Risk-adapted management of stage I seminoma: the second Spanish Germ Cell Cancer Group (GG) study

Reviewer: Maria Luisa Veronese, MD
Abramson Cancer Center of the University of Pennsylvania
Last Modified: June 7, 2004

* This presentation discusses off-label use of carboplatin in the treatment of seminoma.

Presenter: J. Aparicio
Presenter's Affiliation: Spanish Germ Cell Cancer Group
Type of Session: Scientific


Seminoma represents 45% of all germ cell tumors and 70%-80% of patients present with Stage I disease.  Management of patients with Stage I seminoma after orchiectomy includes surveilance, radiation therapy or chemotherapy.  Surveilance carries high stress, costs, and risk of late relapse (up to 10 years).  Radiation therapy is associated with late toxicity including an increased risk of second tumors and 80% of patients are overtreated.  A previous GG clinical trial has shown that adjuvant carboplatin may be restricted to patients with risk criteria (RC). RC shown to be important prognostic factors for relapse are tumor size >4 cm and invasion to the rete testis. The purpose of this study was to confirm the efficacy of this risk-adapted process using the new International criteria. 

Materials and Methods

  • 300 patients with Stage I seminoma (median age 32 years, range 19-66) were enrolled from 42 Institutions betwee 1/1999 and 12/2003
  • Patients underwent orchiectomy
  • 96 patients (32%) with no RC (tumor size <4 cm and no invasion to rete testes) were managed with surveillance
  • 125 (42%) had tumors > 4 cm, 31 (10%) had rete testis involvement, and 48 (16%) had both RC and received single agent adjuvant carboplatin (AUC 7x2 cycles with a 21-day interval)

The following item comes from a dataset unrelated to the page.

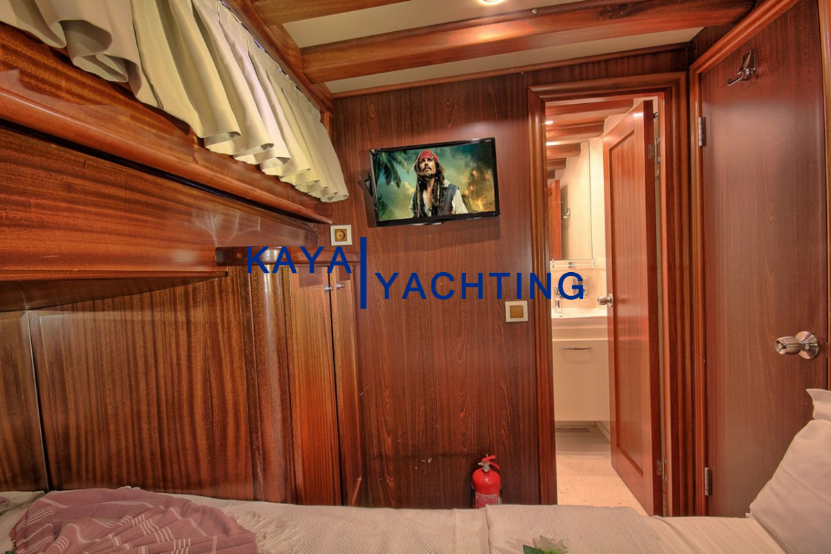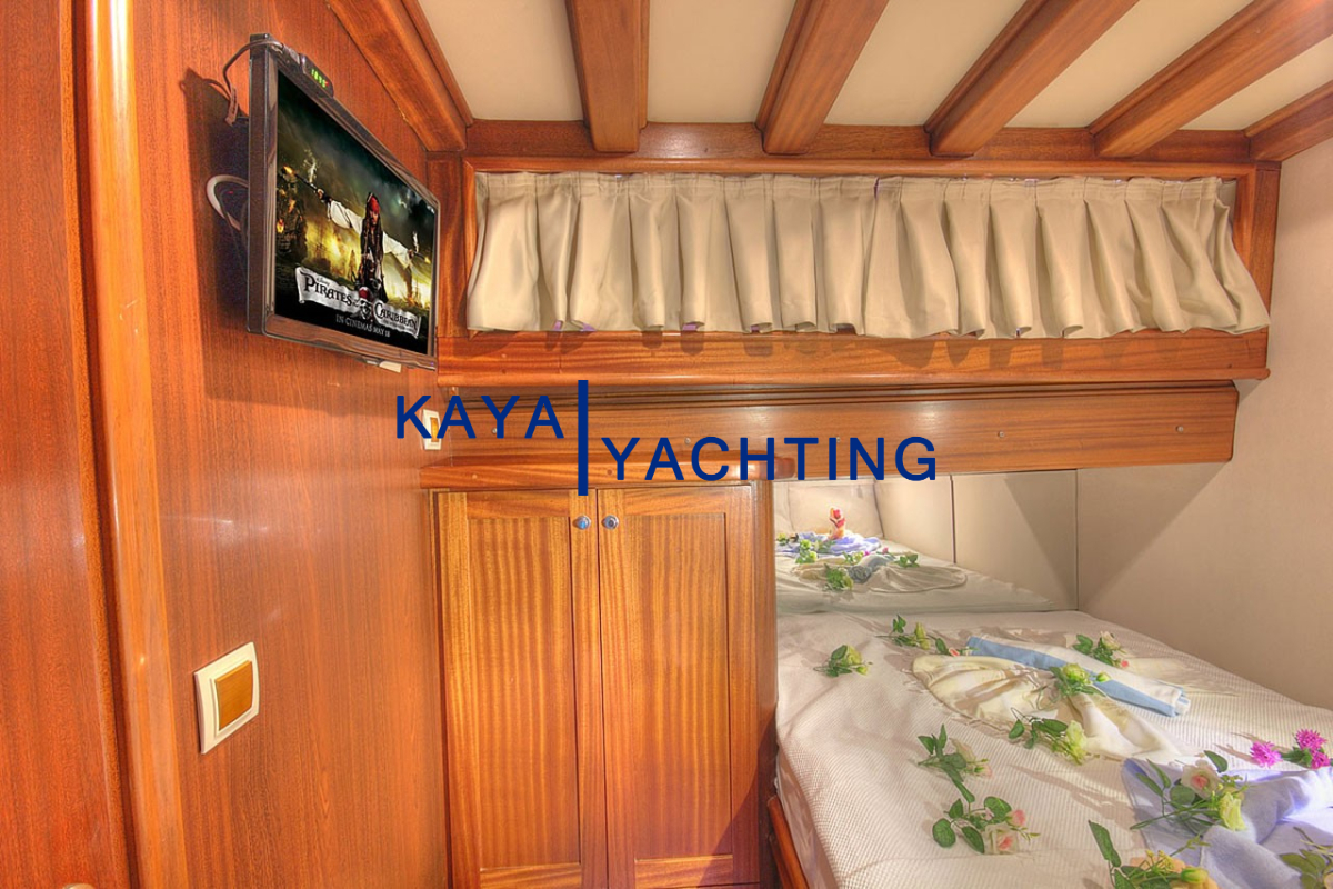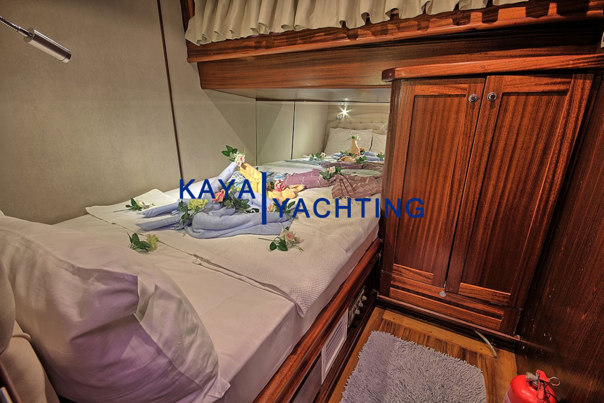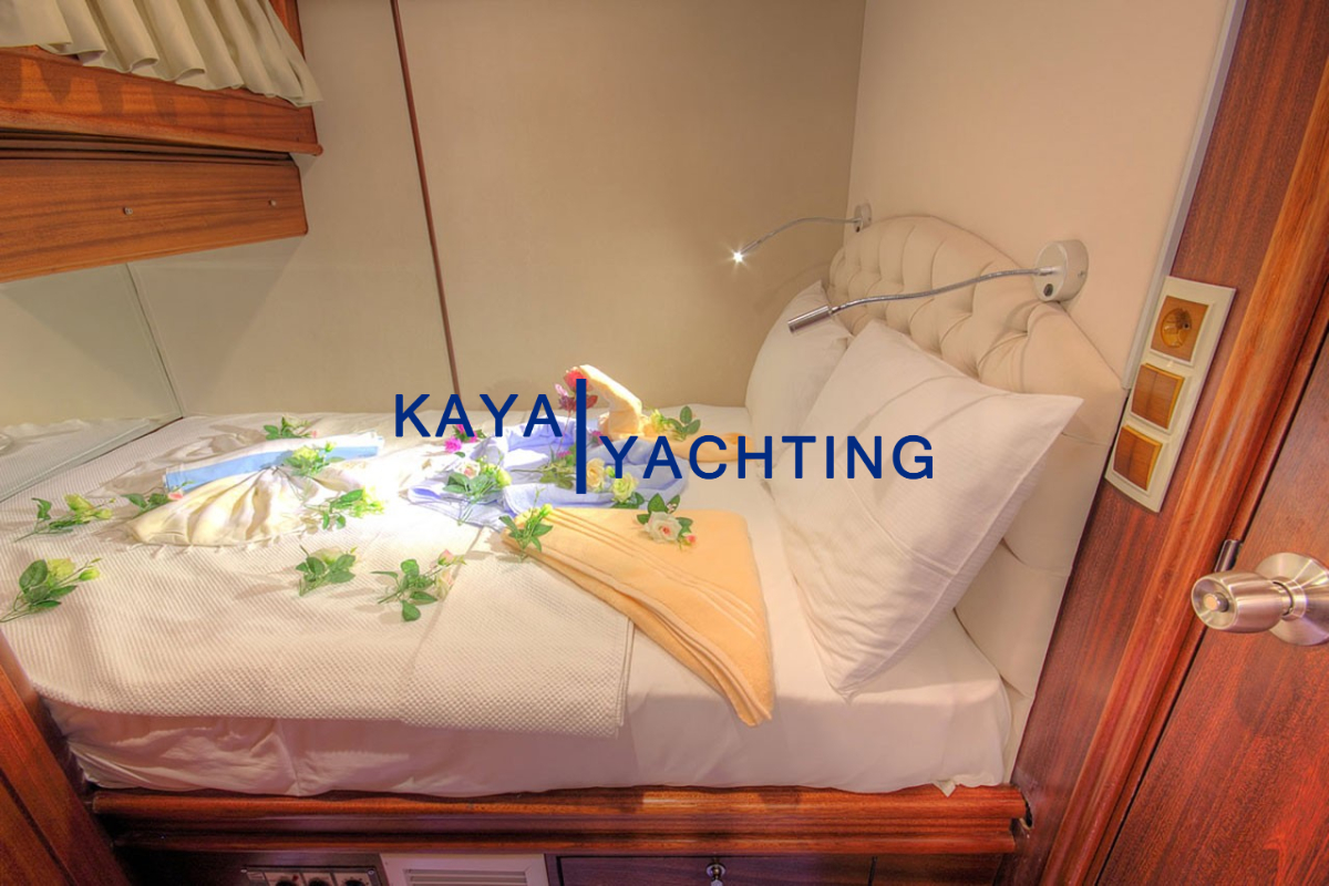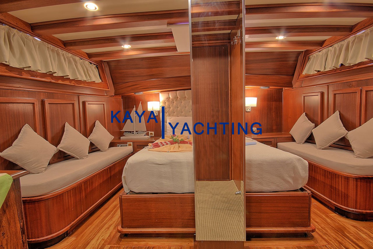 Gulet Romance, misafirlerinin rahatı ve mahremiyeti düşünülerek özel olarak tasarlanmıştır. Teknede bulunan 1 master ve 2 double kabin, toplam 6 kişilik konaklama imkanı sunar. Her bir kabin, uzun mavi yolculuklarda bile konforunuzdan ödün vermemeniz için özenle donatılmıştır. Kabinlerdeki klima sistemi, en sıcak yaz günlerinde dahi serin ve rahat bir uyku deneyimi sunar. Eğlence için her kabinde bulunan televizyonlar sayesinde dilediğiniz zaman keyifli vakit geçirebilirsiniz. Misafir mahremiyetini ve hijyeni ön planda tutan Gulet Romance'de, her kabinde özel ebeveyn banyosu bulunmaktadır. Bu detaylar, tatiliniz boyunca kendinizi özel ve rahat hissetmenizi sağlayacak, otel konforunu denizin ortasına taşıyacaktır. Geniş ve ferah kabinler, kişisel eşyalarınız için yeterli depolama alanı sunarken, şık dekorasyonu ile göz zevkinize de hitap eder.

  • Chemotherapy was generally well tolerated: grade 3-4 toxicities were reported in 8.2% of patients; grade 1-2 in 56.5% of patients; and 35% of patients did not experiece any toxicity.
  • Most common toxicities were myelotoxicity and asthenia
  • Median follow-up was 25 months; 81% of patients had >1 year follow-up
  • Relapses were observed in 3% of all patients (4.2% of patients on surveilance and 2.4% of the carboplatin group). 0.8% of tumors > 4 cm, 3.2% of tumor invading rete testis, and 6.3% of tumors with both RC
  • Median time to relapse was 8.1 months (range 4-19 months)
  • All relapses were at the retroperitoneum (median size was 18 mm, range 11-35)
  • All these patients were rendered disease-free with chemotherapy (etoposide + cisplatin)

Author's Conclusions

  • Carboplatin is effective in reducing the risk of relapse in patients with high risk stage I seminoma however, the follow-up is short
  • The chemotherapy used in this study is well tolerated
  • A risk-adapted process is feasible in a large study


Clinical/Scientific Implications

This study investigated the efficacy of a risk-adapted process using the new International criteria in the management of patients with stage I seminoma.  The results indicated that 2 cycles of single agent carboplatin are effective in reducing the relapse rate in high risk stage I seminoma,  However, the follow-up is still very short and there are no data regarding late toxicity using carboplatin in this patient population. Indeed, relapses occur within 2 years in 68.6% of patients and within 3 years in 93.4%. Of concern is the fact that all relapses occurred within the retroperitoneum suggesting that radiotherapy may be superior and should still be considered a first line approach for these patients.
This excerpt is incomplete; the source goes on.